Elm Creek (Blackguards and Plaster Saints)

‘Verse: Blackguards and Plaster Saints
Length/Rating: 273 words, PG, Gen
Pairings/Warnings: None
Summary: There are only two people left in Elm Creek who remember when it was simply The Ship, without qualifiers or descriptions required.

There are only two people left in Elm Creek who remember when it was simply The Ship, without qualifiers or descriptions required. Thirty years into the Hundred Years war and now it was ‘our ships’ and ‘their ships’ and ‘seeder ships’ and ‘warships’. The first ship was only a single note in a much larger song… at least to everyone but Sara and Jackson.

Jackson had taken to staying inside, with the broadcasts turned off, the music turned up, and all of the blinds screwed shut against the sky. He played old television shows, and radio broadcasts, cocooned in echoes seventy years gone. Mementos of a world that hadn’t learned to fear the stars.

Sara visited him sometimes, just to soak in that long-forgotten childhood, but she never stayed long.

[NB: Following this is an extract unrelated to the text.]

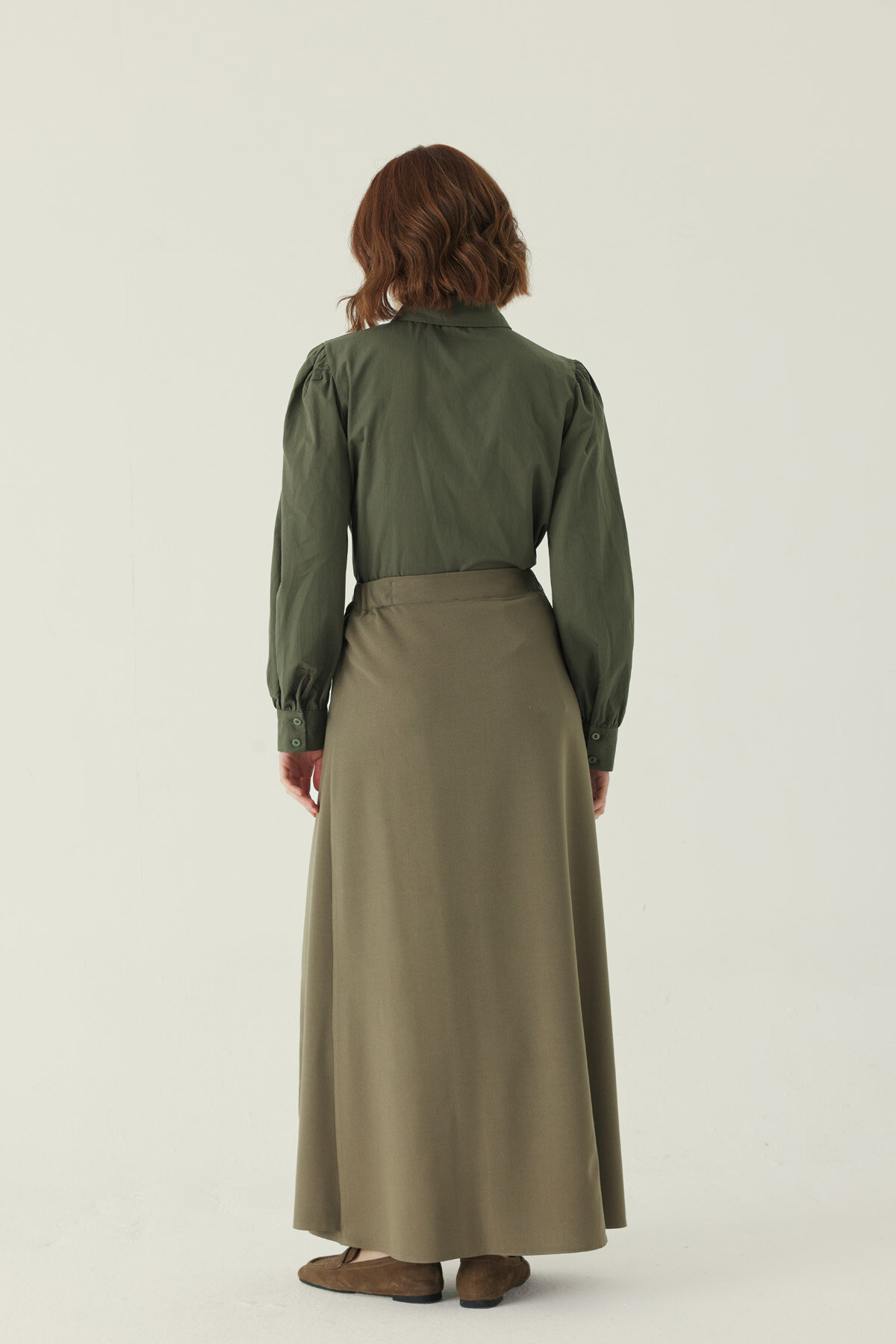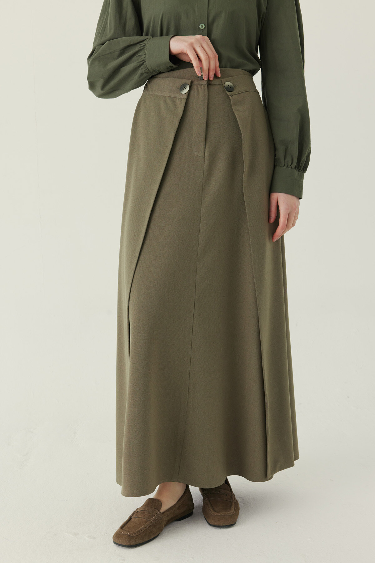 Buttoned Polyviscose Skirt – Khaki offers a clean yet distinctive look with its front button details and pleated structure that balances the silhouette. The firm, smooth surface of the polyviscose fabric helps the skirt maintain its shape throughout the day, while its lightweight feel ensures comfortable wear. The structured cut at the waist refines the silhouette, and the solid color makes it easy to style with shirts, knitwear, and jackets. It provides versatile use, from everyday city outfits to more polished combinations.

She’d been four when the Ship had arrived, just old enough to process the fact that something had gone terribly wrong, but not enough to understand why. She grew up in a world preparing for war, with silhouettes of the shipyards carving out gaps in the stars, and the decimation of the Lost Generation ahead of her.

At forty-nine the first of the ‘their’ ships had arrived, five years into the hundred year window of war. They were sparse in the beginning, the battles that rained fiery debris that might have been Us and might have been Them. Thirty years in, the night had turned into a constant reminder of the children and grandchildren fighting and dying above them.

At seventy-one, she was too old to fight, but too young to give up, so Sara sat on her porch and cheered them on.